Skip the pictures. Give all the data again exactly.

== DATA SEGMENT ==
-- Opening Marker --
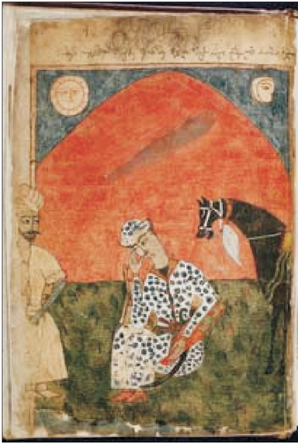
The Knight in the Panther's Skin Illustrated Manuscript, 1646

The creation of secular texts began in 10-11 th Centuries. Shota Rustaveli's The Knight in the Panther's Skin was written in the 12 th Century; a masterpiece considered to be one of the most important achievements of Georgian culture; the poem is preserved in numerous copies of different manuscripts. It is particularly interesting to note that The Knight in the Panther's Skin was often distributed in the form of illustrated manuscripts.
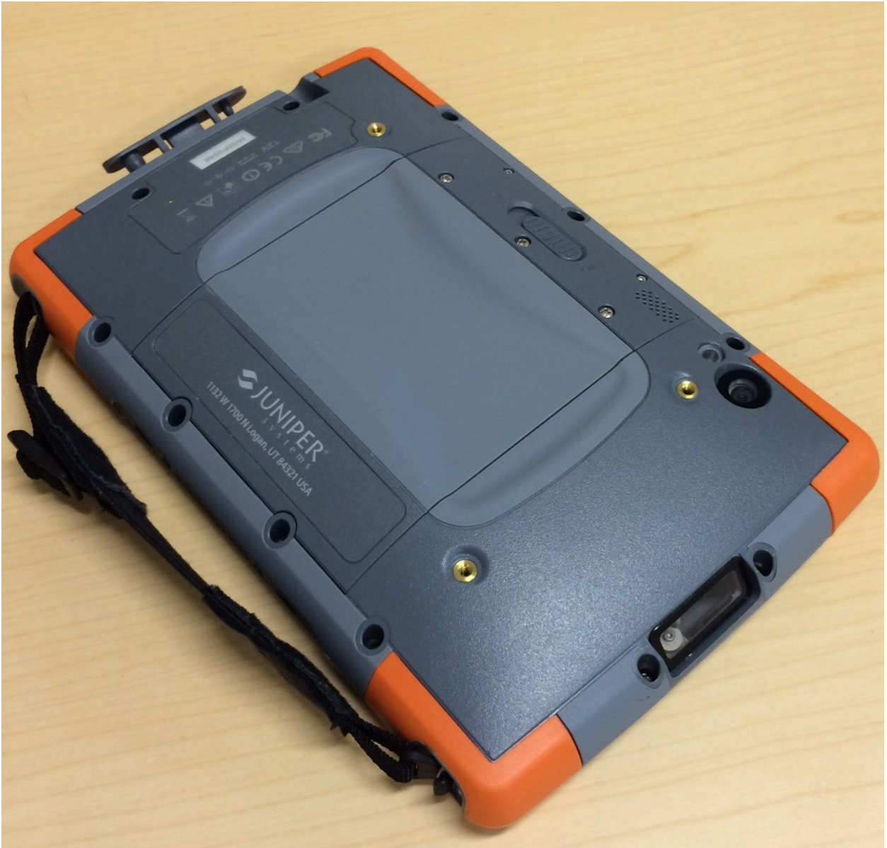
Figure 3: EUT – View 3
-- Closing Marker --
== SOLUTION TO THIS EXERCISE ==
The Knight in the Panther's Skin Illustrated Manuscript, 1646

The creation of secular texts began in 10-11 th Centuries. Shota Rustaveli's The Knight in the Panther's Skin was written in the 12 th Century; a masterpiece considered to be one of the most important achievements of Georgian culture; the poem is preserved in numerous copies of different manuscripts. It is particularly interesting to note that The Knight in the Panther's Skin was often distributed in the form of illustrated manuscripts.
Figure 3: EUT – View 3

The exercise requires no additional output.